EAWAG Subsurface Research Partnership: Advancing Machine Learning in Groundwater Risk Analysis

Our groundwater arsenic research partner, Dr. Joel Podgorski from the Swiss Federal Institute of Aquatic Science and Technology (EAWAG), visited our facility from March 31 to April 9. Dr. Podgorski is an internationally renowned scholar in the fields of groundwater quality and environmental risk assessment. His research focuses on leveraging advanced artificial intelligence and machine learning techniques for the spatial prediction and risk mapping of subsurface contaminants. During his visit, he delivered a keynote presentation titled "Machine Learning for Large-Scale Groundwater Quality Hazard and Risk Assessment and Associated Applications."

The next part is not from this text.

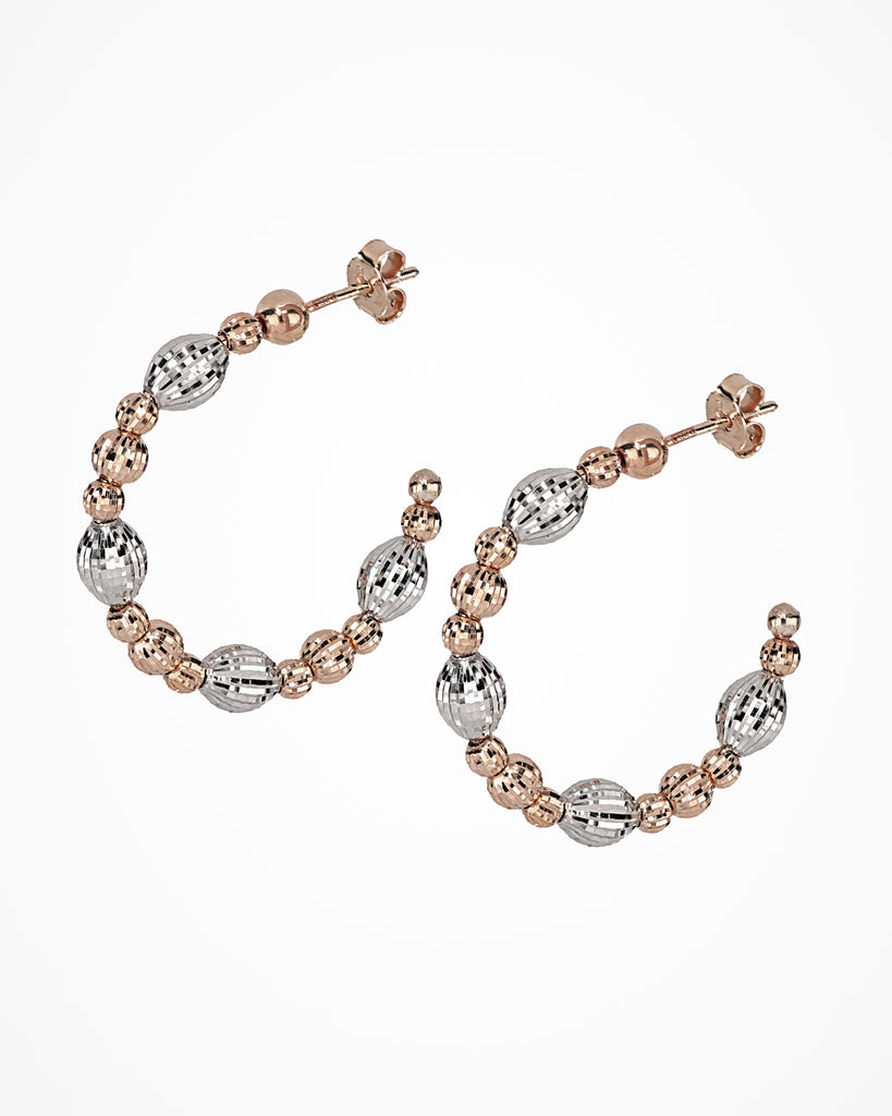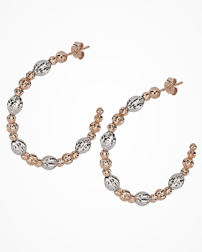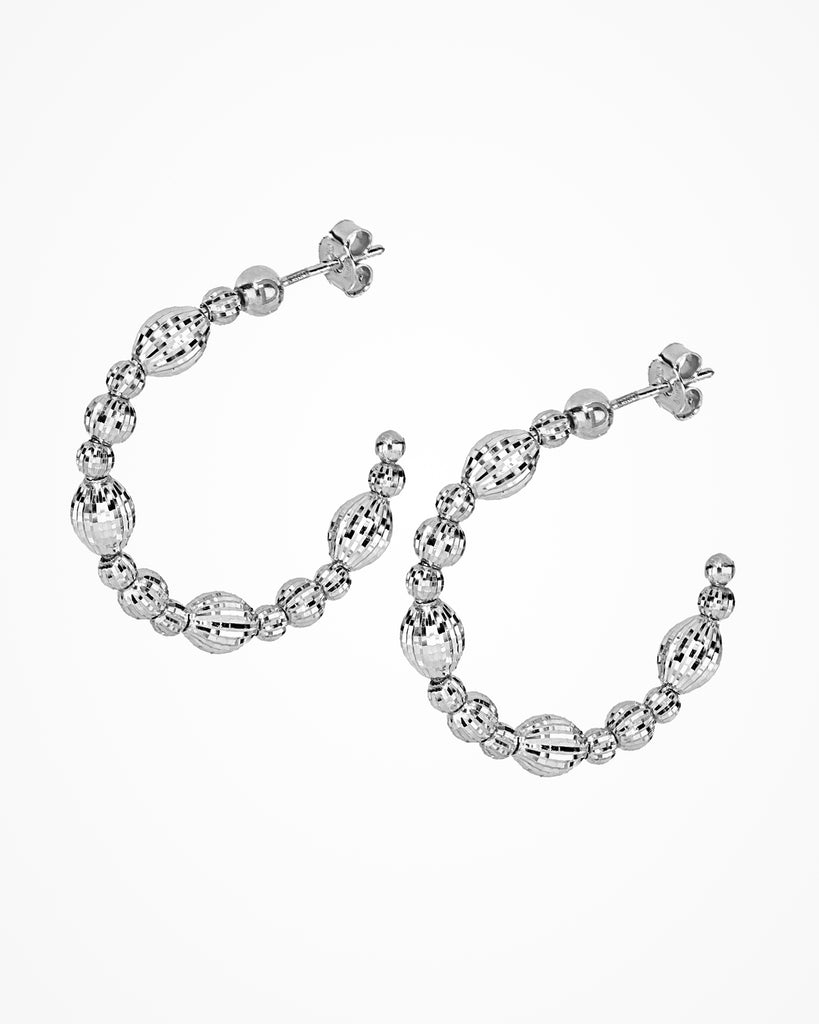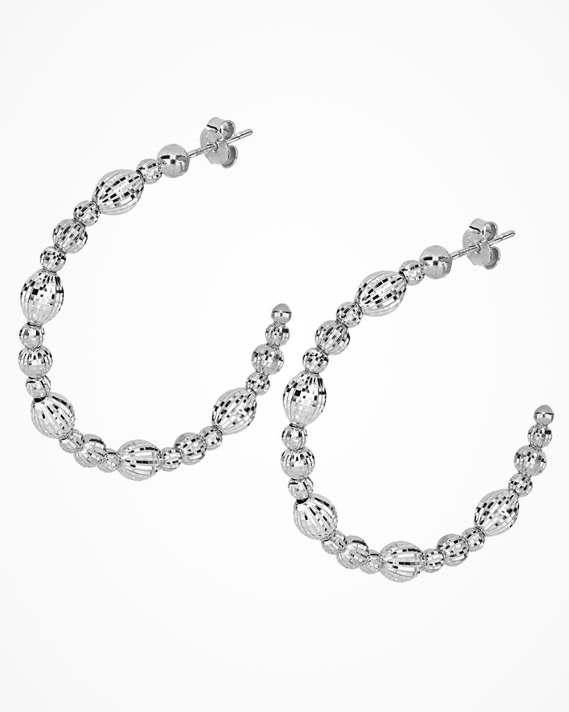 Silberne Creolen mit aufgefädelten, diamantgeschliffenen Kugeln. Die drei Elemente haben unterschiedliche Formen und erzeugen so ein faszinierendes Spiel von Dicke und Licht.

During Dr. Joel Podgorski's stay in Taiwan, Prof. Ching-Ping Liang from our Climate Change Groundwater Adaptation Research Team, along with Assistant Prof. Chia-Ju Chung from the Department of Computer Science and Information Engineering at National Central University, engaged in profound academic discussions regarding AI and machine learning applications. Technical presentations included a briefing by Dr. Thu-Yuan Nguyen on an AI/ML-driven surrogate model for multi-species transport (encompassing chlorinated solvent degradation products and radionuclide decay chains). Additionally, PhD Candidate Yu-Chieh Ho presented a 3D Taoyuan groundwater flow model developed using the specialized THMC software created by Chair Professor Gwo-Fong Ya at National Central University. Furthermore, first-year master's student Cheng-You Liu presented an AI/ML-driven surrogate model based on the 3D Taoyuan climate change framework, and Yu-Hsuan Zhan presented an AI/ML predictive model for groundwater nitrate tracking.

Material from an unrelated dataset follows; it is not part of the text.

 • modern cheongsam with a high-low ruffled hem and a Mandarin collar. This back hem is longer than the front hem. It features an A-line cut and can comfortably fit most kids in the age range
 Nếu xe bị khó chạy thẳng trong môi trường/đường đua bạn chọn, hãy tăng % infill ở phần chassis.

Dr. Podgorski served as the lead author alongside Dr. Michael Berg on a landmark paper published in the journal Science in 2020, titled "Global threat of arsenic in groundwater," which has secured over 1,296 citations, profoundly shaping global understanding of arsenic contamination hazards (Science DOI). EAWAG researchers (Kai-Yun Li, Joel Podgorski, and Michael Berg) also collaborated with our team at the Center for Advanced Model Research Development and Application (CAMRDA), including Adjunct Researcher Ching-Ping Liang, Director Sui-Sheng Chen, and Research Assistant Rui-Yu Zhang. This collaborative effort resulted in the 2026 paper primarily authored by Dr. Kai-Yun Li, titled "Groundwater arsenic in Taiwan: From Mid-20th-Century crisis to predictive models for risk mitigation strategies," published in the top-tier journal Environment International (Environment International DOI).
Special gratitude is extended to CEO Yen-Pu Hsu, who leads our National Science and Technology Council (NSTC) Proof of Concept (PoC) initiative, "Scientific Research Entrepreneurship Program: Multi-Application Services for Next-Generation Subsurface Environmental Simulation Software under Net-Zero Emissions and Water Environment Challenges," for his thoughtful arrangements and hospitality during Dr. Joel Podgorski's visit to Taiwan.
Empowering Subsurface Risk Mitigation with AI-Assisted Environmental Modeling
By integrating advanced machine learning architectures with conventional physical frameworks, our joint research initiatives pave the way for accelerated environmental management. Utilizing data-driven surrogate systems allows for rapid execution of heavy numerical constraints. This breakthrough translates into scalable benefits for engineering groups seeking predictive stability across multi-species decay pathways and regional Groundwater Contamination Assessment projects.